- EXERCISE REQUIREMENTS:
Repeat the data below exactly, dropping any pictures it holds.

- INFORMATION SHOWN:
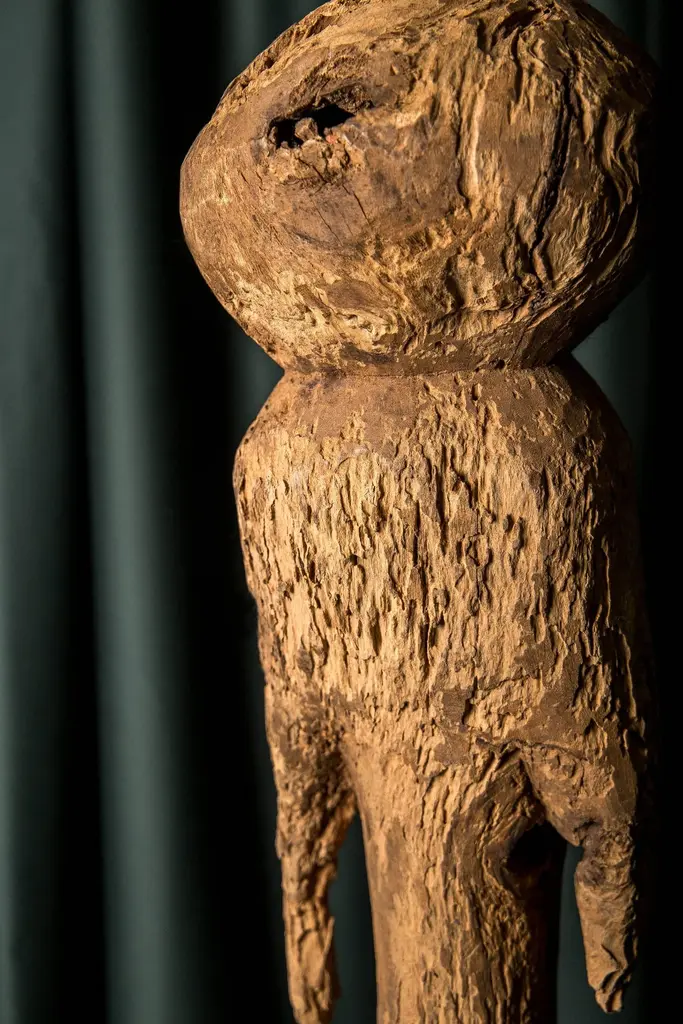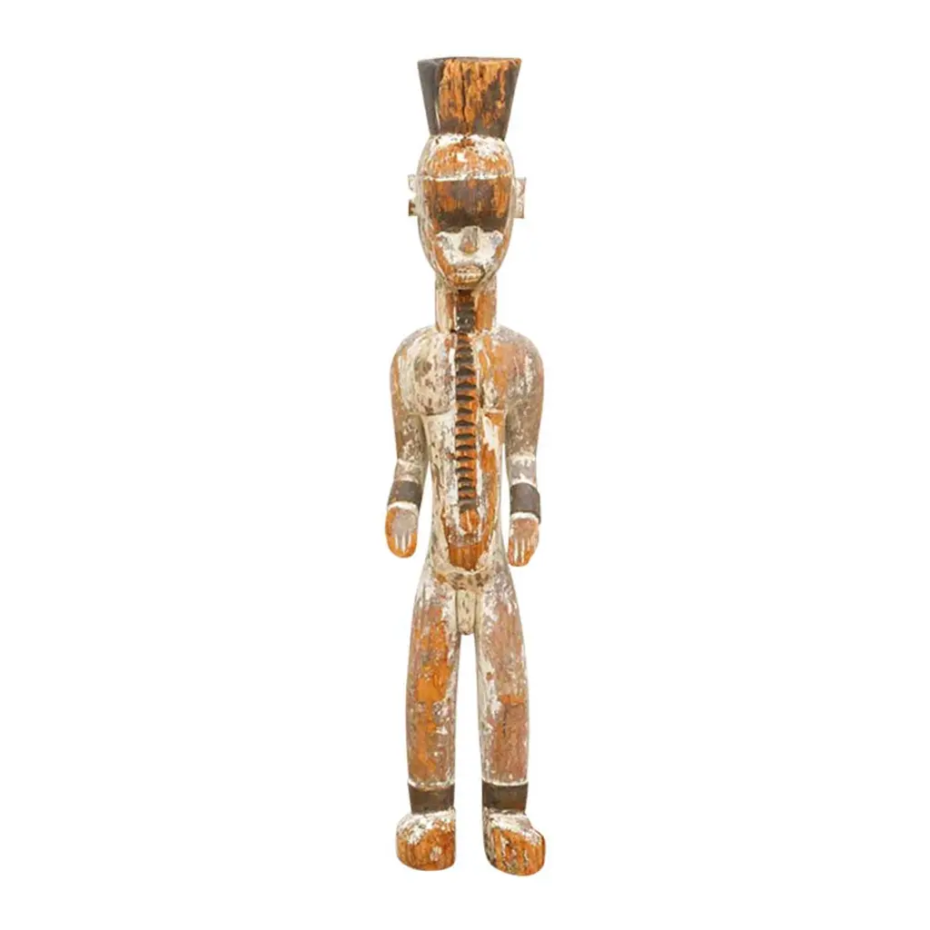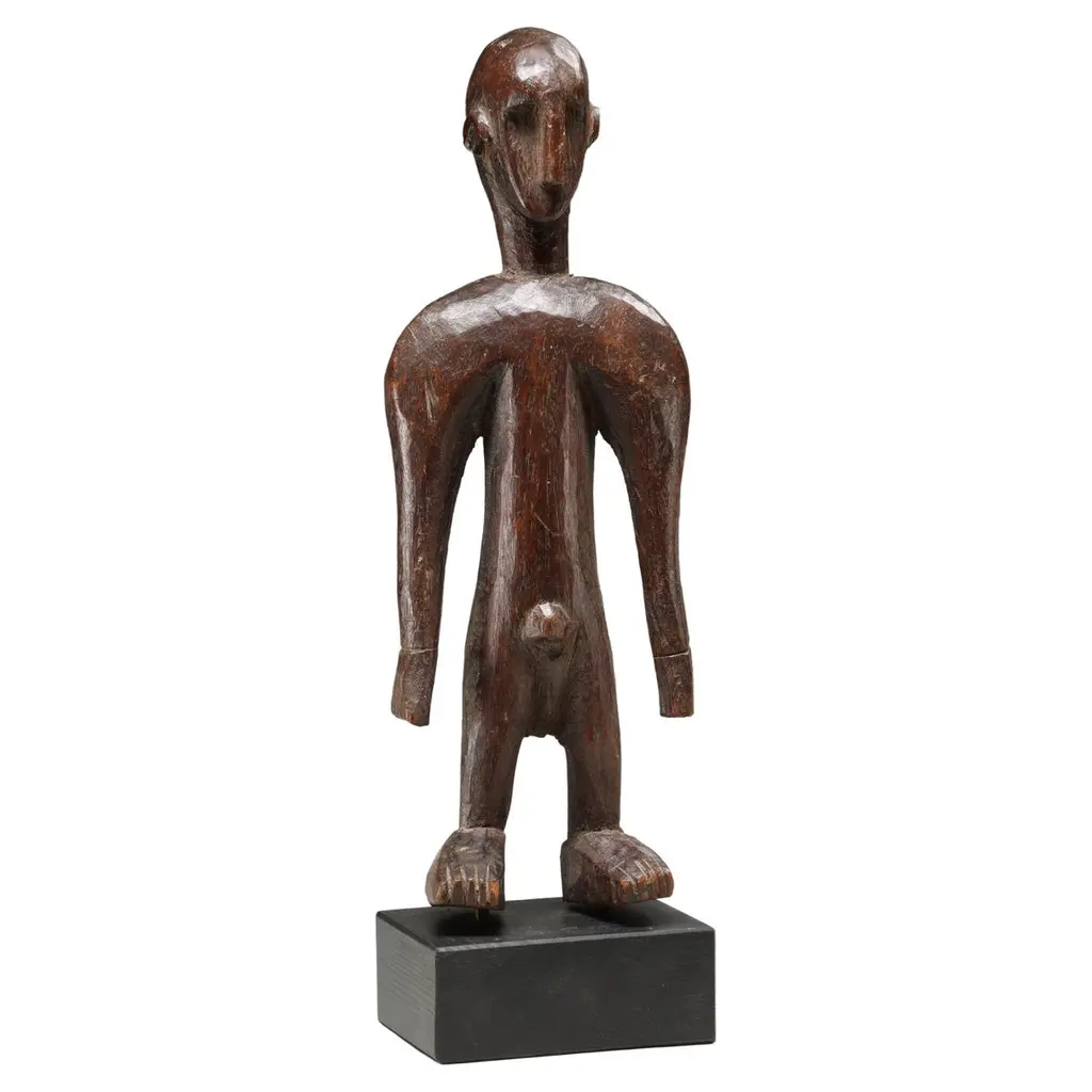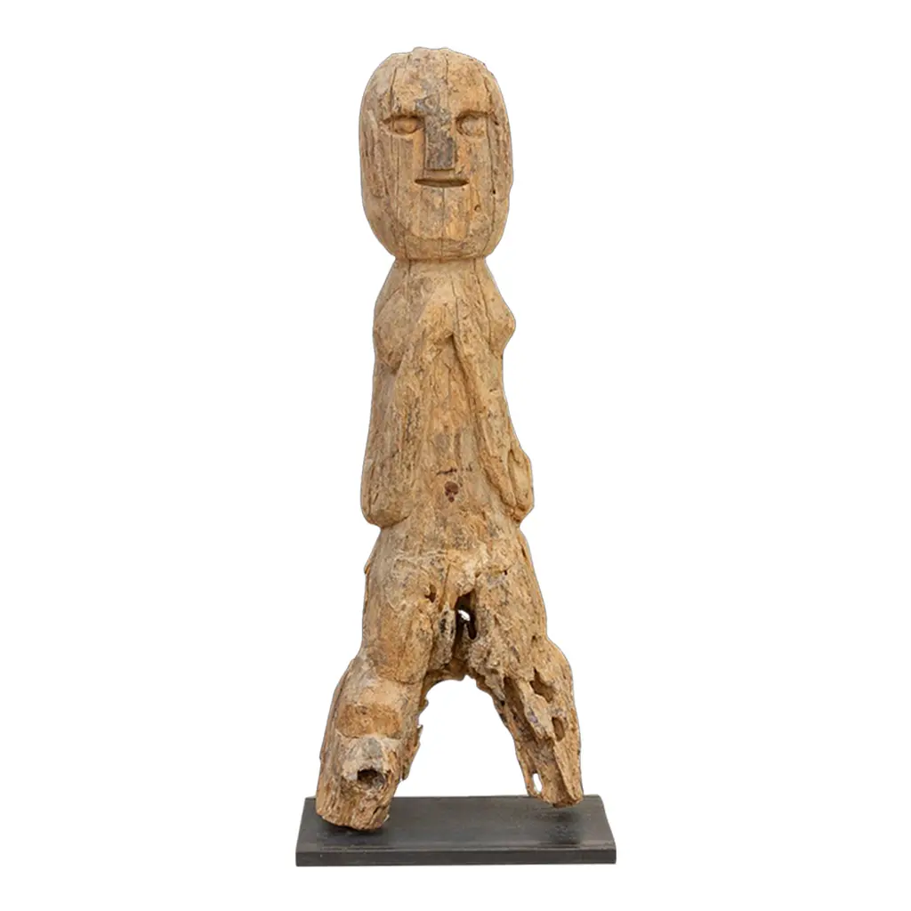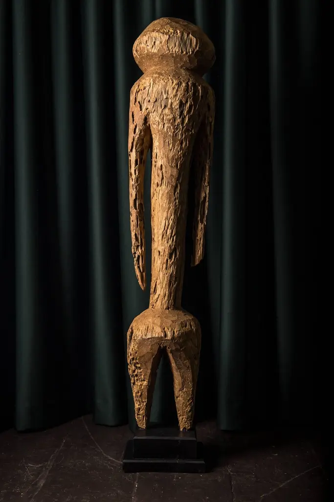 Striking in form, of light highly textured wood, two highly stylized anthropomorphic figures carved by the Moba people in Togo, West Africa. These forms most probably we owned by a family or clan and played a vital role in assuring their collective well-being.In Moba society, when ancestral offerings fail to provide an individual with desired relief, an earth oracle with an established reputation is consulted. These Moba diviners prescribe Tchitcheri figures to fortify their clients and improve their lives. Such works call forth positive ancestral influences, they are protective and promote health and prosperity on a range of different levels. The highly standardized design of Tchitcheri reduces the human figure to an elemental form. Minimal attention is given to facial features, with a reductive figure the upper body forms a unified, continuous surface, with its arms held at its sides along the length of the torso. The trunk is represented as a recessed rectangle, it narrows and then flares outward slightly to suggest hips. Below, clothes pin like legs are carved as two separate prongs that taper off into narrowed stems. Throughout the weathered surface, abrasion and splits reveal the effects wrought upon the work over time.Originally part of an extensive private collection coming from a colonial estate in West-Africa.Mounted on ebonized wooden plinths.(View our full inventory by searching for 'Toad')
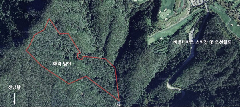 매각 홍천 임야가 위치한 곳은 비발디파크 스키장 및 오션월드에서 5분 거리이며, 서울 잠실에서는 약 1시간 10분 거리입니다.
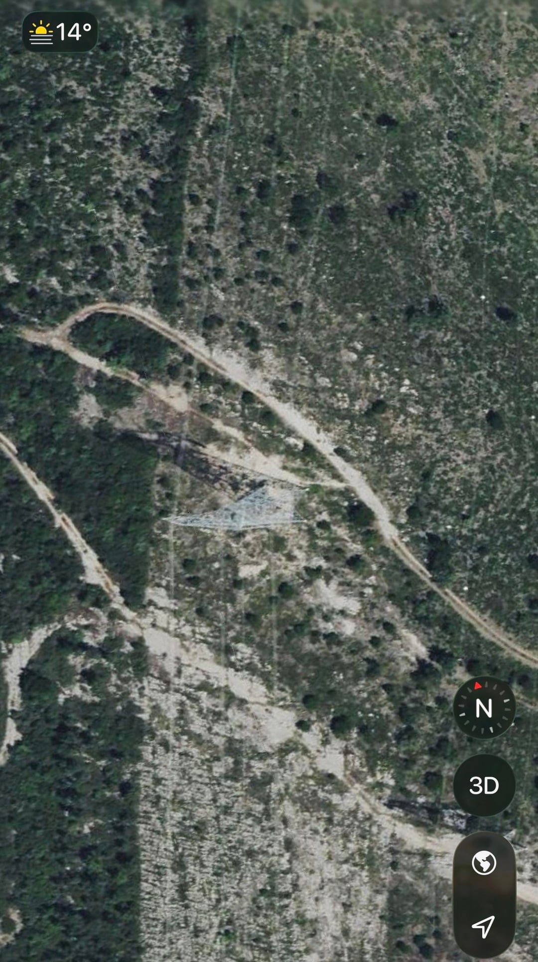 As linhas devem todas passar acima da linha das árvores e nem sequer deviam ter árvores de grande porte nas proximidades (como se pode ver no mapa nas últimas imagens).
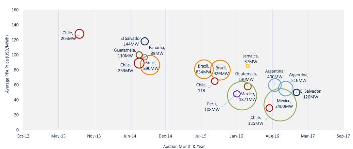 2016年下半年,智利太陽能拍賣價格降至29美元/每兆瓦時,不僅創(chuàng)造了拉丁美洲新低,而且也是全球范圍的最低價格。
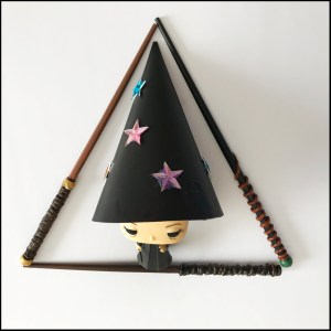 - A “Celebrity Head” style game — I had a plain black party hat and some stickers that I was going to write Potter character names on so each child could have a turn at guessing who they were.
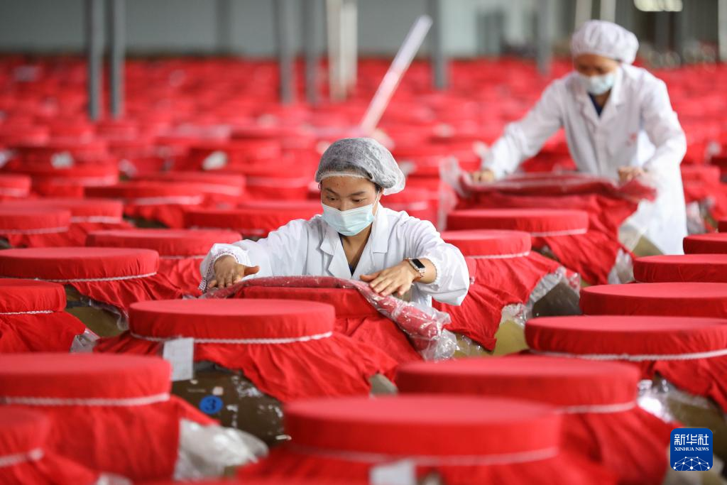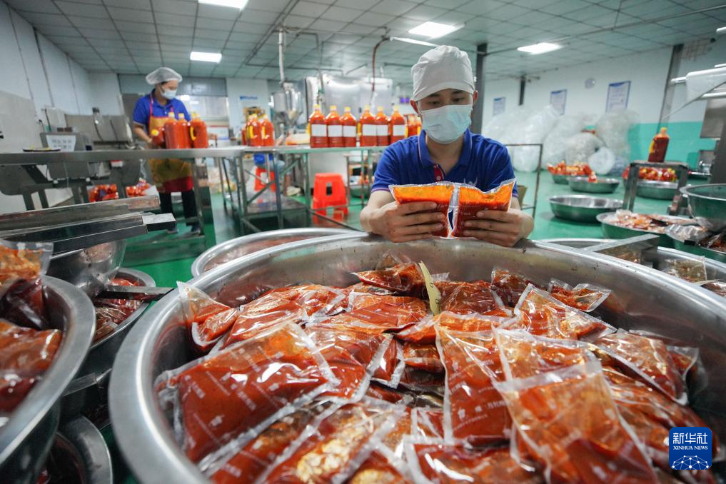 8月28日,工人在贵州省丹寨县金钟经济开发区一家红酸汤企业车间查看红酸汤产品。新华社发(杨武魁 摄)pagebreak
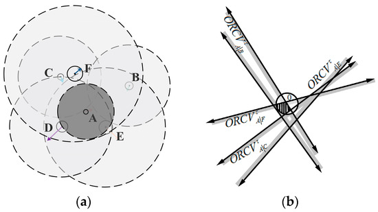 The construction of optimal velocity space. (a) Visual display of UAVs’ situation; (b) The geometrical expression of .
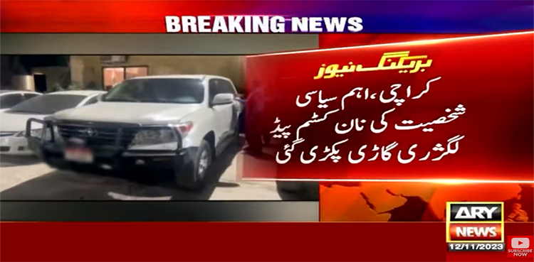 حکام کے مطابق کراچی میں کسٹم انٹیلی جنس نے اہم سیاسی شخصیت کی نان کسٹم پیڈ لگثری گاڑی پکڑ لی۔
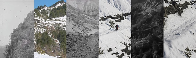 Γιάννης Ζιώγας. Η predella του Γράμμου ως Παγωμένου Χρόνου (λεπτομέρεια), 2021-2023, Ακουαρέλα σε χαρτί και φωτογραφικό κολάζ,100 x 180 εκ.
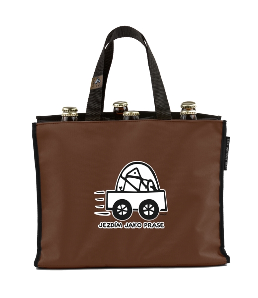 BEER CARRIER - bag for beer with design 1072 JEZDÍM JAKO PRASE in color BROWN SUGAR
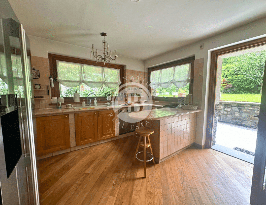 da zona giorno con finestre panoramiche, una sala da pranzo collegata ad un'incantevole cucina con accesso diretto al giardino.

- YOUR RESPONSE:
 Striking in form, of light highly textured wood, two highly stylized anthropomorphic figures carved by the Moba people in Togo, West Africa. These forms most probably we owned by a family or clan and played a vital role in assuring their collective well-being.In Moba society, when ancestral offerings fail to provide an individual with desired relief, an earth oracle with an established reputation is consulted. These Moba diviners prescribe Tchitcheri figures to fortify their clients and improve their lives. Such works call forth positive ancestral influences, they are protective and promote health and prosperity on a range of different levels. The highly standardized design of Tchitcheri reduces the human figure to an elemental form. Minimal attention is given to facial features, with a reductive figure the upper body forms a unified, continuous surface, with its arms held at its sides along the length of the torso. The trunk is represented as a recessed rectangle, it narrows and then flares outward slightly to suggest hips. Below, clothes pin like legs are carved as two separate prongs that taper off into narrowed stems. Throughout the weathered surface, abrasion and splits reveal the effects wrought upon the work over time.Originally part of an extensive private collection coming from a colonial estate in West-Africa.Mounted on ebonized wooden plinths.(View our full inventory by searching for 'Toad')
 매각 홍천 임야가 위치한 곳은 비발디파크 스키장 및 오션월드에서 5분 거리이며, 서울 잠실에서는 약 1시간 10분 거리입니다.
 As linhas devem todas passar acima da linha das árvores e nem sequer deviam ter árvores de grande porte nas proximidades (como se pode ver no mapa nas últimas imagens).
 2016年下半年,智利太陽能拍賣價格降至29美元/每兆瓦時,不僅創(chuàng)造了拉丁美洲新低,而且也是全球范圍的最低價格。
 - A “Celebrity Head” style game — I had a plain black party hat and some stickers that I was going to write Potter character names on so each child could have a turn at guessing who they were.
 8月28日,工人在贵州省丹寨县金钟经济开发区一家红酸汤企业车间查看红酸汤产品。新华社发(杨武魁 摄)pagebreak
 The construction of optimal velocity space. (a) Visual display of UAVs’ situation; (b) The geometrical expression of .
 حکام کے مطابق کراچی میں کسٹم انٹیلی جنس نے اہم سیاسی شخصیت کی نان کسٹم پیڈ لگثری گاڑی پکڑ لی۔
 Γιάννης Ζιώγας. Η predella του Γράμμου ως Παγωμένου Χρόνου (λεπτομέρεια), 2021-2023, Ακουαρέλα σε χαρτί και φωτογραφικό κολάζ,100 x 180 εκ.
 BEER CARRIER - bag for beer with design 1072 JEZDÍM JAKO PRASE in color BROWN SUGAR
 da zona giorno con finestre panoramiche, una sala da pranzo collegata ad un'incantevole cucina con accesso diretto al giardino.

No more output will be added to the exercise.